眼下事鬧大了,也不知道薑木朗酒醒後會如何後悔。看來還得過些時日,要等薑木朗心情平複才能將木盒還回去了。
白天睡足了覺,晚上王三秋精神抖擻,想到第二天還去喬九那裏,她索性將買的布全部裁剪成小布條,直到一窩燈油燒盡才上床睡覺。
第二天早上起來,手背上的印記已經隻有淡淡灰色,王大財也聽趙小六說了薑木朗無意中踩到三秋的手,等他看時,已經問題不大。
他是很喜歡薑木朗這孩子的,隻是現在三秋跟喬九好上,再說喬九對王家有情有義,他對此事就不能多加幹涉,隻能搖頭歎息幾聲就再無多言。
到中午,王三秋正想去喬九那裏送餐,小六娘卻找了過來。
此時正是趙家兩兄弟最忙時,小六娘沒有去找他們,直接就找到三秋這裏。
“劉媽,你說是柳芽兒娘三個都來了?”王三秋有些吃驚,沒過門的媳婦不請自登門就有些不對,這親家母還帶著小姨子也來了,還打算住些日子……,這怎麽看怎麽不像回事。
趙家可還有兩個未成親的小叔子,兄長不在家,現在還是夏天,衣衫單薄,弟弟們跟沒成親拜堂的嫂子住一起,很是別扭。
小六娘也是想到這一點,才來找王三秋,還說到了其他事。
“三秋,芽兒她娘還帶了庚貼契書來,說要把芽兒留下,帶銀子回去,我家裏人又不識字,你過來幫劉媽看看。”
王三秋又是吃一驚,趙大的婚事她聽趙小六說過,是商量到下年給十兩銀子做聘禮直接領人,怎麽現在就要錢送人來,還有什麽契書?
心裏嘀咕,她還是找到趙二跟趙小六說了一聲,那兩兄弟一聽契書銀子就傻眼:兩個睜眼瞎,契書不會看,十兩銀子也沒有呀!
“三秋,你最聰明,又識字,還是你先去家裏幫忙看看。”趙二道,讓他一個當小叔的去處理大哥婚事,不妥。
早知道是這麽回事,王三秋也不推辭:“好,喬九的飯你們安排送去,就說我沒空。”整整身上衣衫,就跟小六娘進了趙家。
趙家的院裏擺滿了大缸,都是小六娘替王三秋曬的豆瓣醬。
在這些大缸之間,站著一老兩小三個女人,清一色的瘦骨嶙峋,最小的那個正在長身體,看上去更是隻剩一把骨頭,映襯得兩隻眼睛大得瘮人。

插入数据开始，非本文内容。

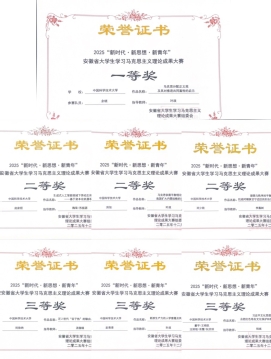 近日,由安徽省教育厅主办、合肥工业大学承办的2025年“新时代·新思想·新青年”安徽省大学生学习马克思主义理论成果大赛评审结果公布。我院组织报送的7件作品全部获奖,共获得一等奖1项、二等奖3项、三等奖3项,1位教师获评“优秀指导教师”。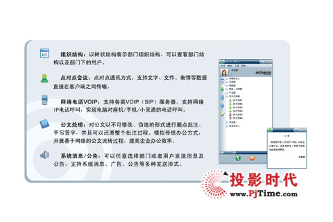 Center運營架構為基礎,有效整合了企業(yè)的如電話、傳真、手機、短信、E-mail、即時通訊等各種常用的通信設備和媒體應用,并進行統(tǒng)一管理、計劃及協(xié)同,是一套集即時通訊、網(wǎng)絡電話、點對點會議、多方視頻會議、遠程教學、遠程監(jiān)控、組織結構等為一體的桌面融合辦公系統(tǒng),能夠全面滿足企業(yè)遠程的日常交流、會議培訓、協(xié)同辦公、商務談判、指揮調度、安全保衛(wèi)等各種需求。

見小六娘帶著一個神采飛揚、明眸皓齒的姑娘過來,那老婦人忙迎上前來,微躬著身子討好笑著:“這位就是三姑娘吧?我家芽兒經常念叨著你。”
“柳家姨不用客氣,請屋裏坐著說話吧!”王三秋笑笑,上前對那婦人微微曲膝行了一禮。
“哎呀!使不得,使不得!”見王三秋給自己行禮,老婦人一時間慌了手腳,隻顧著胡亂擺手。
“親家母,進屋吧!”小六娘不得不說話了。
她知道三秋現在越來越好看,也越來越有氣勢,說話做事間都帶著一股男人的勁。
以前那是穿男人衣服裝得像,現在穿裙子骨子裏像,這是趙正寬給她嘀咕過的話。
像她每天都能看到三丫頭的人,也慢慢變得聽三秋的話,而陌生人見三秋,總是感覺怕怕的。